=== Exercise details ===
Range to output from the entries below: the line containing "동네예보정보조회 서비스에 들어가 키를 발급받아 준다." through the line containing "S01102380 SKYWAY Оплетка". Set it down exactly, ends included, nothing else.

=== Records to process ===
%%
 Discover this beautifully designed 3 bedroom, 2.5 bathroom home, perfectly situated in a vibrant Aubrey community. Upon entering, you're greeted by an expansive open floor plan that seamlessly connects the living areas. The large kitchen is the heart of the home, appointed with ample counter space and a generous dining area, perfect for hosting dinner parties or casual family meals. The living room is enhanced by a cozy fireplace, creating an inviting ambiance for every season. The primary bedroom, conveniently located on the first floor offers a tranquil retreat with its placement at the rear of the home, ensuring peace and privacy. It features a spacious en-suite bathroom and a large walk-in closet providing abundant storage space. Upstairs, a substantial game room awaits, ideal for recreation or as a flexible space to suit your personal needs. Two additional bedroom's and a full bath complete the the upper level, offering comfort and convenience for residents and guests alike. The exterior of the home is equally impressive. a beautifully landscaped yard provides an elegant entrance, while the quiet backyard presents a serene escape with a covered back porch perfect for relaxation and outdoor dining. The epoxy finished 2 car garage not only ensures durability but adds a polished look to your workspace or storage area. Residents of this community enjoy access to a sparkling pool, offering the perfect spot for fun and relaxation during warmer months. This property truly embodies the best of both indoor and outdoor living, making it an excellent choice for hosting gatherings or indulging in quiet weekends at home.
%%
%%
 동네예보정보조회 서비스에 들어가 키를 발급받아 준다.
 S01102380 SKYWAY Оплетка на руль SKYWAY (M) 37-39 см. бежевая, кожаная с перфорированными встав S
%%
%%
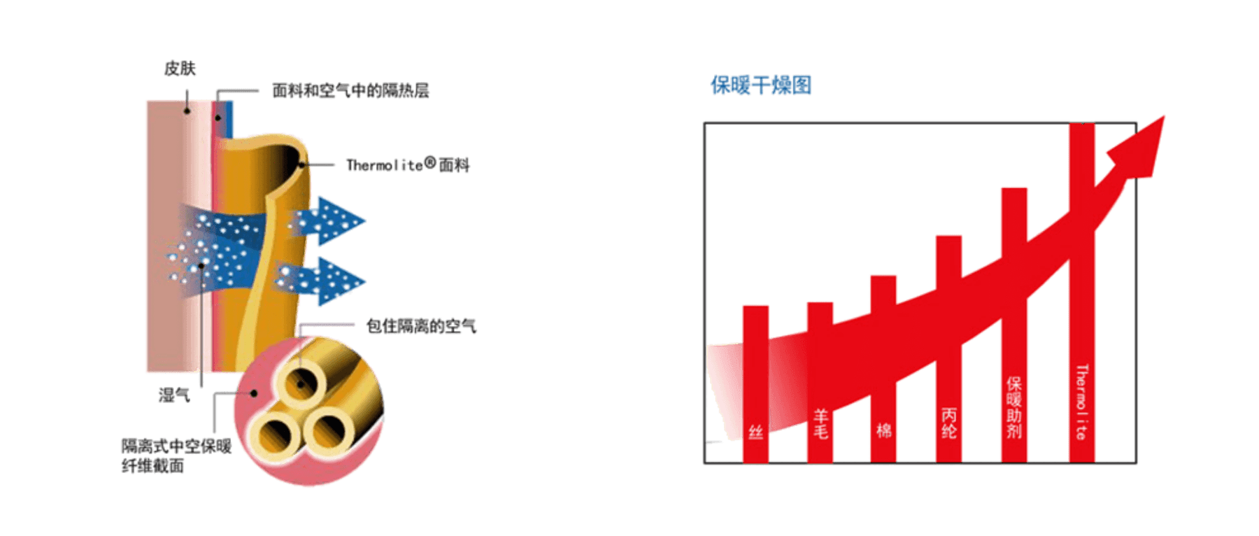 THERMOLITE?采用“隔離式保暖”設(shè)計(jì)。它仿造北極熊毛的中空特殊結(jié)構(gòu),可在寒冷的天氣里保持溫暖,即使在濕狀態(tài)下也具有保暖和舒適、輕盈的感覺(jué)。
%%
=== Result for this exercise ===
 동네예보정보조회 서비스에 들어가 키를 발급받아 준다.
 S01102380 SKYWAY Оплетка на руль SKYWAY (M) 37-39 см. бежевая, кожаная с перфорированными встав S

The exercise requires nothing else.